Neither of them are figures you’d spy at Fader Fort, and that’s what made this panel so refreshing. Albini asked quite a bit about Deal’s early life in Ohio, and the most poignant note that came from it was that Deal would cut long cables — her dad was an engineer — to make her own small patch cables to hook up recording devices, before she knew she could just buy them. DIY might be as much of a term corrupted by branding as anything at SXSW, but she really meant it there. Both of them were successful on their own terms, sort of the American indie ideal, and that’s why they connected so well.

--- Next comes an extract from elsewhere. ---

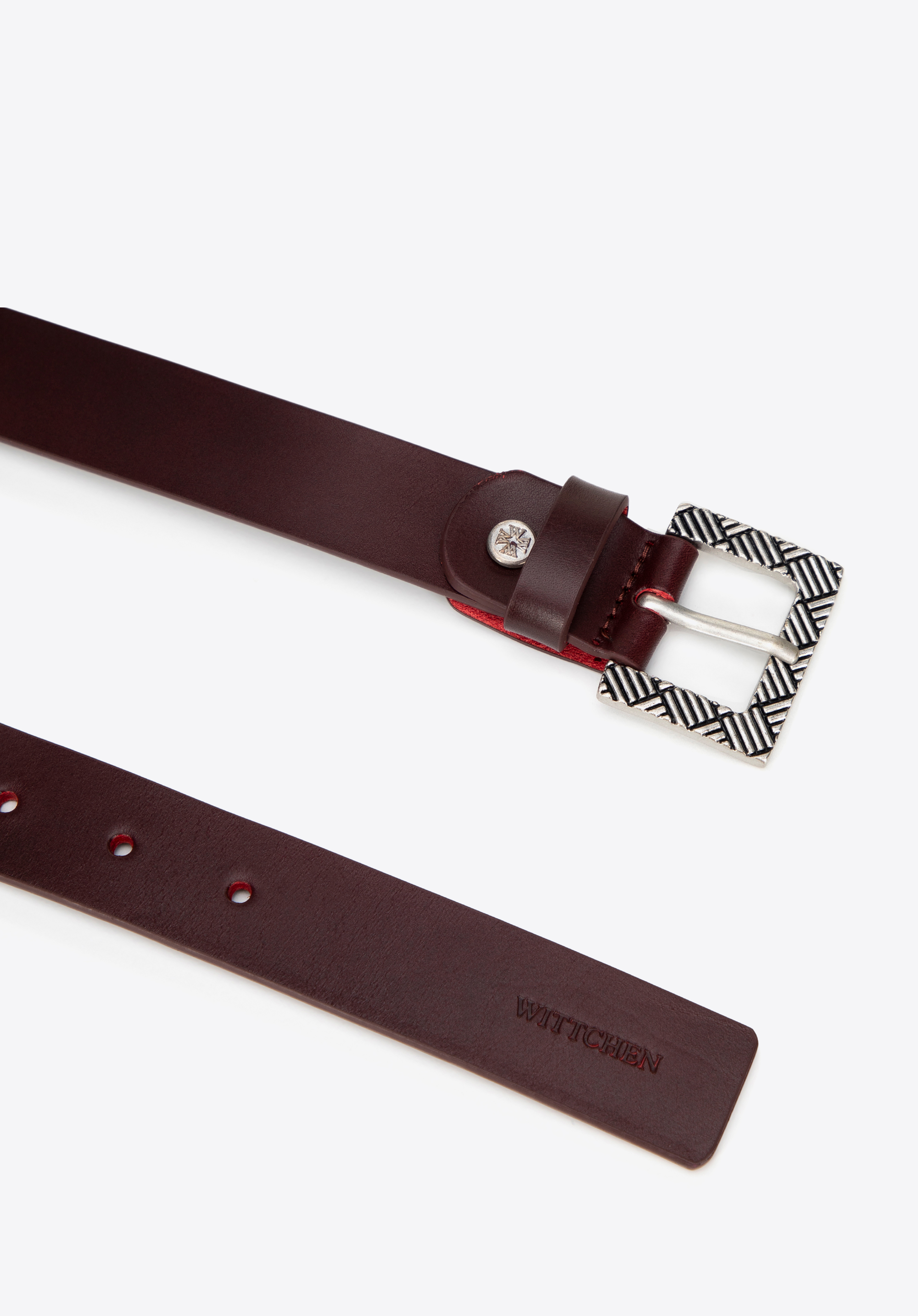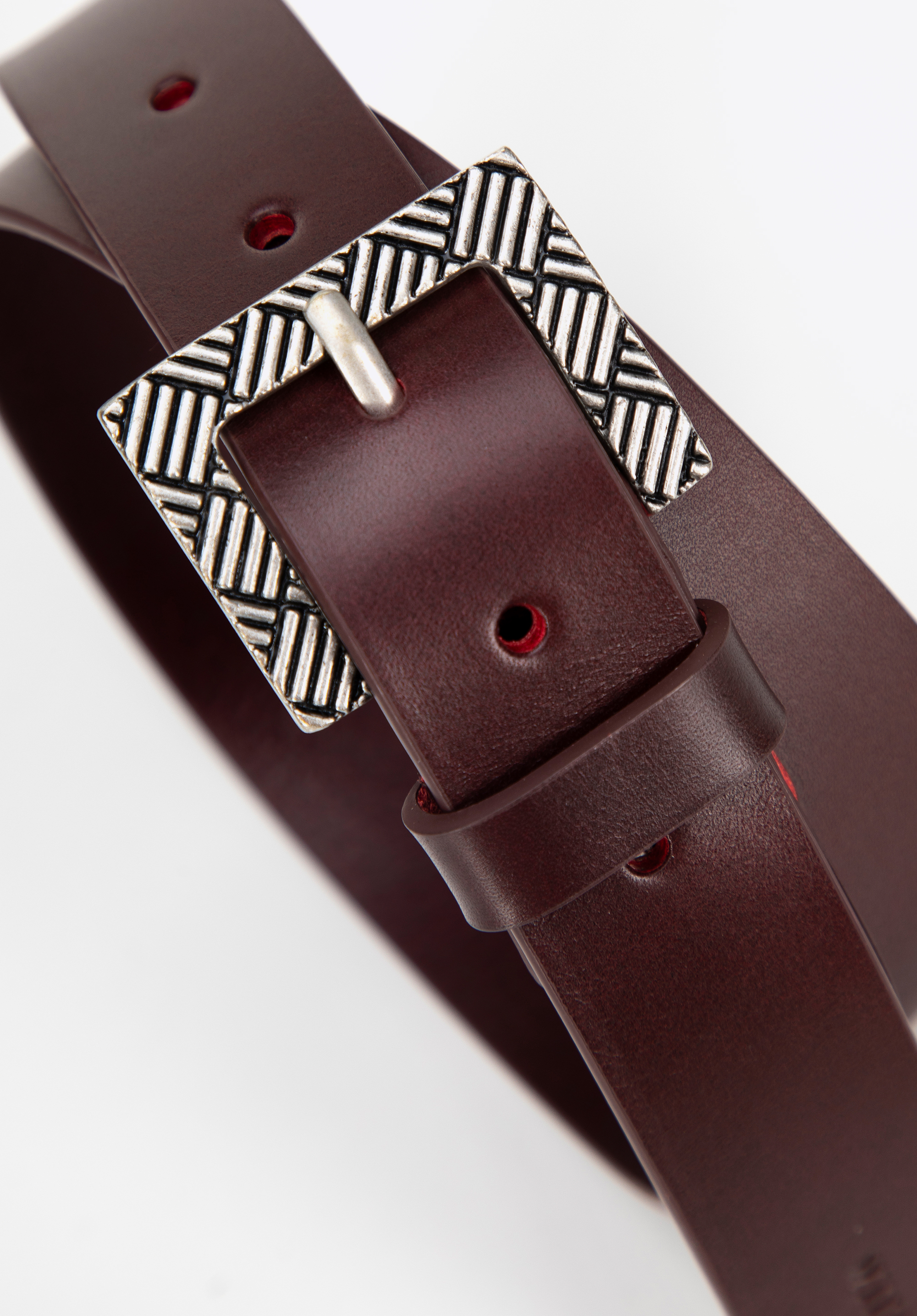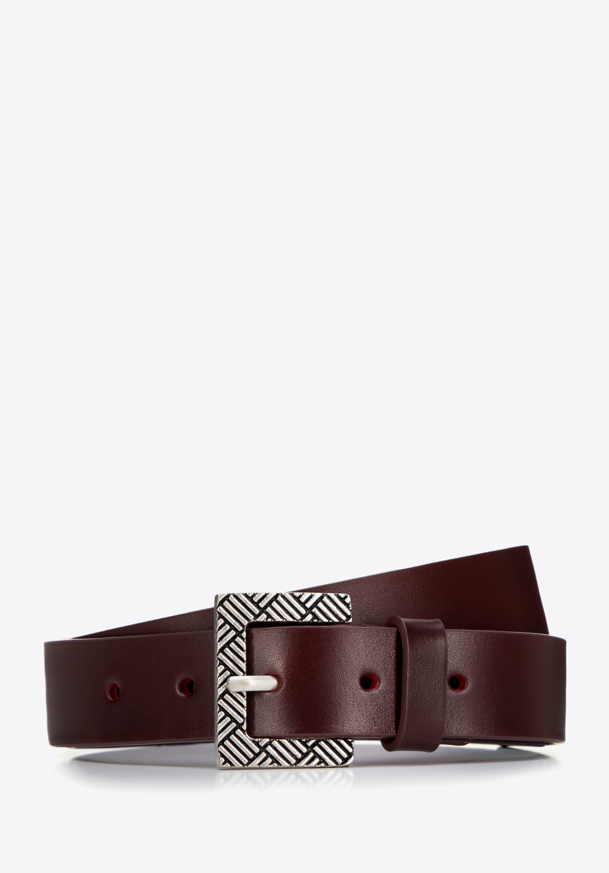 Жіночий шкіряний ремінь з пряжкою з геометричним малюнком Колір: вишневий

Another interesting nugget is that Deal called Albini at 3 in the morning — 4 a.m. New York time, he clarified — after hanging out with LA vulgar punks Fear, and she remarked that they were her band now. Not much came of it, but how cool would that have been? Albini is known for having a sharp tongue about the music industry — he is really a man with zero space for bull — and while the panel was mostly cordial, he did poke fun at Deal’s interest in true crime, one that she shares with his wife, Heather. Specifically, Deal’s love of Nancy Grace, where Deal impersonated her “bombshell tonight!” with appropriate bombast. Indie icons: They love reality TV like us. Well, some of us.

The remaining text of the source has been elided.